Sixty percent of the VA’s medical facilities are more than 50 years old, and over 1,000 were built before World War II – many to treat veterans that have long since moved elsewhere. Additional medical facilities for growing populations such as female veterans are needed in an era where capital construction costs have exploded.

The VA has more than 320,000 employees, more than a third of them veterans with honorable service, but like most other federal agencies, lacks the true freedom to quickly hire personnel and match existing talent with evolving requirements in a fluid environment. From my experience at the Washington VA Medical Center, countless VA employees are excellent, many are great, some are good, and a few are not. All should strive to test the limits that the very best of their abilities allow, and many do.

There are 10,000 senior and mid-level managers at the VA, many of whom were hired based on their superior performance in previous non-management roles. This is particularly common in military-related health professions where leaders are often promoted on the basis of clinical excellence as opposed to management potential and experience. Many VA managers can overcome this leadership challenge through training that identifies, teaches, and replicates the best practices of VA’s highest performing managers.

The VA is building more facilities and increasing its workforce to meet this unprecedented utilization. VA needs to better train its managers, and should. VA needs to be enabled to better use its talent, and can. VA leadership knows these challenges and is implementing the largest transformation in the organization’s history to address these challenges with the goal of improving the lives of the veterans it serves.

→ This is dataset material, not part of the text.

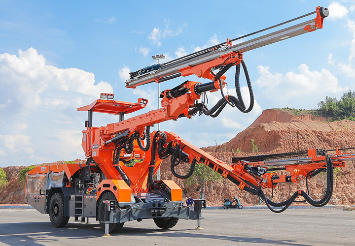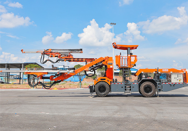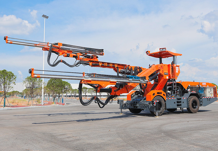 Z20系列全工法直臂凿岩台车是为多台阶同步、台阶法、全断面等全工法开挖而设计的一款数字直型平动双臂开挖凿岩台车,解决了传统凿岩台车不能同时满足一条隧道多种工法开挖施工需求的缺陷。能满足多台阶微步开挖有能满足全断面开挖的作业能力,使设备适应开挖工法及工况更广泛,重新定义隧道多臂台车价值。根据不同用户需求该系列设有3款:Z20标准型、Z20C(带吊篮)、Z20E(智能全工法直臂凿岩台车),供不同工况需求用户选择。是专为高速高铁、水利水电工程、以及国防等中大型隧道掘进钻孔,作业而研发制造的凿岩装备,满足凿岩掘进需要的各种炮孔、锚杆孔、小导管支护、注浆孔等。该机工作时采用全液压驱动,电液比例阀控系统遥控控制钻臂凿岩,动作柔顺定位迅速、凿岩速度快;柴油机供行走,四轮四驱。动力强劲、转场灵活,整机结构布置紧凑、重心低、机动灵活、系统稳定,不仅提升安全保障和工作效率,能降低劳动者的工作强度。
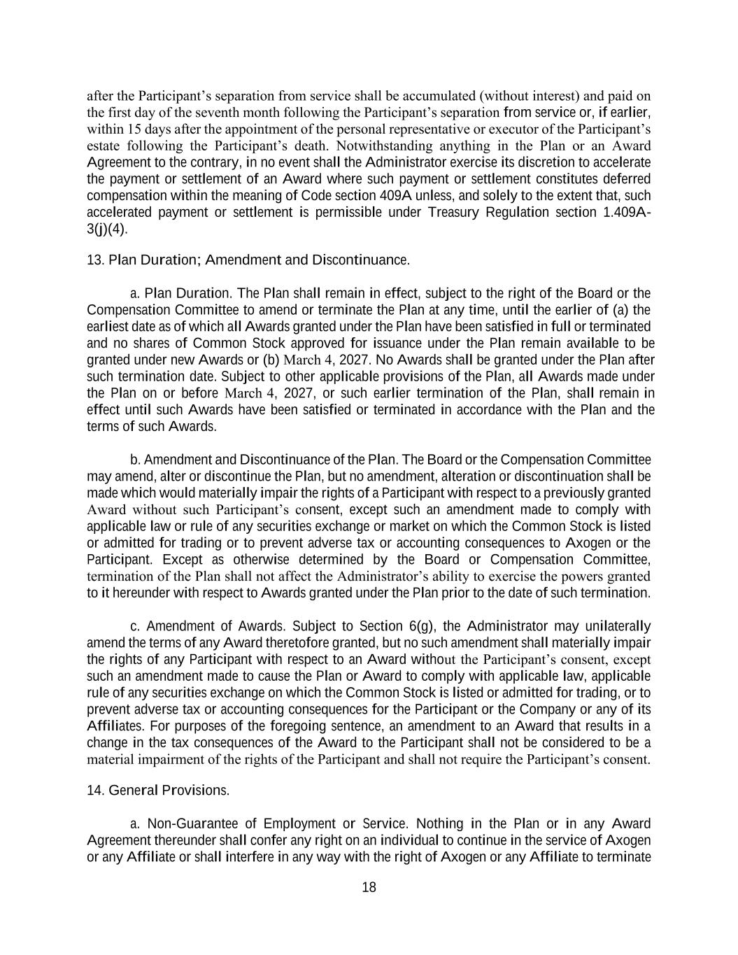 18 after the Participant’s separation from service shall be accumulated (without interest) and paid on the first day of the seventh month following the Participant’s separation from service or, if earlier, within 15 days after the appointment of the personal representative or executor of the Participant’s estate following the Participant’s death. Notwithstanding anything in the Plan or an Award Agreement to the contrary, in no event shall the Administrator exercise its discretion to accelerate the payment or settlement of an Award where such payment or settlement constitutes deferred compensation within the meaning of Code section 409A unless, and solely to the extent that, such accelerated payment or settlement is permissible under Treasury Regulation section 1.409A- 3(j)(4). 13. Plan Duration; Amendment and Discontinuance. a. Plan Duration. The Plan shall remain in effect, subject to the right of the Board or the Compensation Committee to amend or terminate the Plan at any time, until the earlier of (a) the earliest date as of which all Awards granted under the Plan have been satisfied in full or terminated and no shares of Common Stock approved for issuance under the Plan remain available to be granted under new Awards or (b) March 4, 2027. No Awards shall be granted under the Plan after such termination date. Subject to other applicable provisions of the Plan, all Awards made under the Plan on or before March 4, 2027, or such earlier termination of the Plan, shall remain in effect until such Awards have been satisfied or terminated in accordance with the Plan and the terms of such Awards. b. Amendment and Discontinuance of the Plan. The Board or the Compensation Committee may amend, alter or discontinue the Plan, but no amendment, alteration or discontinuation shall be made which would materially impair the rights of a Participant with respect to a previously granted Award without such Participant’s consent, except such an amendment made to comply with applicable law or rule of any securities exchange or market on which the Common Stock is listed or admitted for trading or to prevent adverse tax or accounting consequences to Axogen or the Participant. Except as otherwise determined by the Board or Compensation Committee, termination of the Plan shall not affect the Administrator’s ability to exercise the powers granted to it hereunder with respect to Awards granted under the Plan prior to the date of such termination. c. Amendment of Awards. Subject to Section 6(g), the Administrator may unilaterally amend the terms of any Award theretofore granted, but no such amendment shall materially impair the rights of any Participant with respect to an Award without the Participant’s consent, except such an amendment made to cause the Plan or Award to comply with applicable law, applicable rule of any securities exchange on which the Common Stock is listed or admitted for trading, or to prevent adverse tax or accounting consequences for the Participant or the Company or any of its Affiliates. For purposes of the foregoing sentence, an amendment to an Award that results in a change in the tax consequences of the Award to the Participant shall not be considered to be a material impairment of the rights of the Participant and shall not require the Participant’s consent. 14. General Provisions. a. Non-Guarantee of Employment or Service. Nothing in the Plan or in any Award Agreement thereunder shall confer any right on an individual to continue in the service of Axogen or any Affiliate or shall interfere in any way with the right of Axogen or any Affiliate to terminate

But all the resources in the world will make little difference if we refuse to acknowledge that veterans have a role to play, too. Is that obstinate 40-something I overheard one of VA’s highly satisfied patients? Maybe. Does this matter? Probably not. A highly satisfied patient can be actively disengaged in his health care decisions and responsibilities, and this meaningful distinction matters far beyond his personal satisfaction. Structural reforms alone can only accomplish so much.

Often in the service did I witness acts of self-inflicted personal neglect, many of them my own. Seldom though did I or my fellow Marines fail to seriously reflect upon how our individual actions may harm others. No better friend, no worse enemy.

I asked the captain to go back out on that next patrol because I did not want to shortchange my brothers. They needed me and I them.

That responsibility does not end when you take off the uniform.

 

Dave Goldich served two tours in Iraq as a Marine rifleman. He is a client development senior consultant at Gallup.